Being a good storyteller is a great trait to have if you are working in TV news. We all need to be able to tell stories to succeed in this business. The one thing we can’t do is tell stories to ourselves.

Most of us have an inner commentary about our lives that is constantly playing out in our minds. The stories can be pretty simple.

You can have a story in your head about how the news director doesn’t like you. Your story could be about how other anchors are favored and given more reads and relevant assignments. You may have a story about why you are stuck on the weekends when others keep jumping ahead of you to Monday-Friday shifts. We all do this and many of us don’t realize it.

The problem with these mental stories is they are not often backed up by actual facts and they can affect your happiness.

Does your news director really dislike you or is it just a matter of her not paying you enough attention? I’ve seen reporters go into a complete tailspin when a news director failed to compliment a story.

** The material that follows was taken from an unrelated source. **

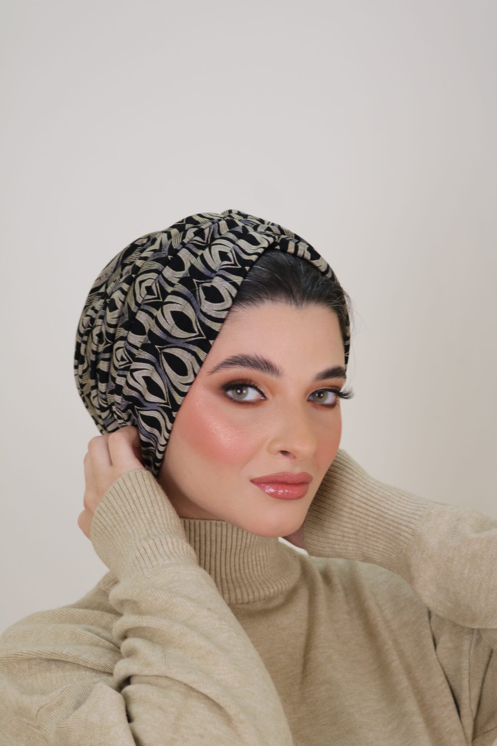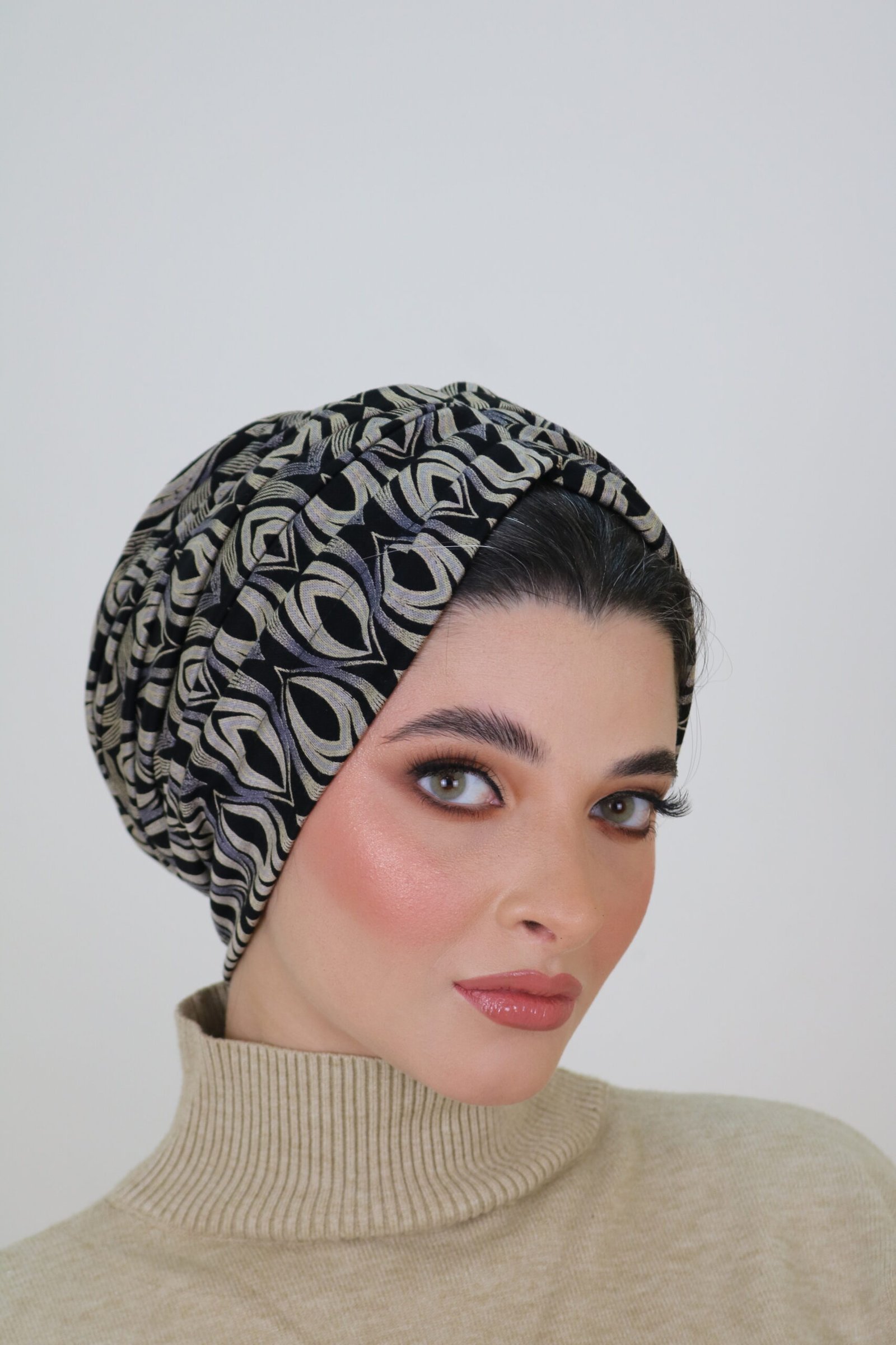 Classic Zam turban made from textured lycra jacquard . Soft, structured, and comfortable, ideal for fall and winter wear

Do you think she didn’t like it? What if I never get another good assignment? What if I never get another good assignment and then never move to a bigger market? Is my career over?! My career is probably over!!!

The reporter is taking a story and running with it without the basic facts. I assure you, if the ND didn’t say anything about your story, that’s because it was fine and it met expectations. Or she didn’t even see it because she was stuck in a budget meeting and wasn’t watching the newscast. If you knew these facts you would likely feel foolish about the massive story you’ve been telling yourself.

The key is to recognize when you get lost in what is truly storytelling in your brain. When you recognize it you should try to identify the actual facts. You are a journalist, so presumably you can tell the difference between fact and fiction…I hope!

Once you recognize the facts, it’s easier to stop the story.

 

“Nothing fools you better than the lie you tell yourself.”
-Teller, Magician

 

Most of the time when you stop the story, you can relax. If you can’t relax then you should try to explore the facts. Ask your news director for a meeting to discuss the PKG she didn’t seem to notice. This meeting will be a lot more productive than if you start crying 4 months later and ask your ND why she “hates you.”

If you are stuck on weekends, explore the facts. Is it because your boss thinks you like weekends and you seem happy? Is it because your boss thinks you need to improve? Is it because the person who jumped to a M-F gig actually makes less money and is not as valuable? Ask questions to get facts instead of coming up with your own story about what is probably happening.

This is a hard skill to learn but it’s helpful. Try to get a better grasp of what is going on in your brain and save the storytelling for the newscast.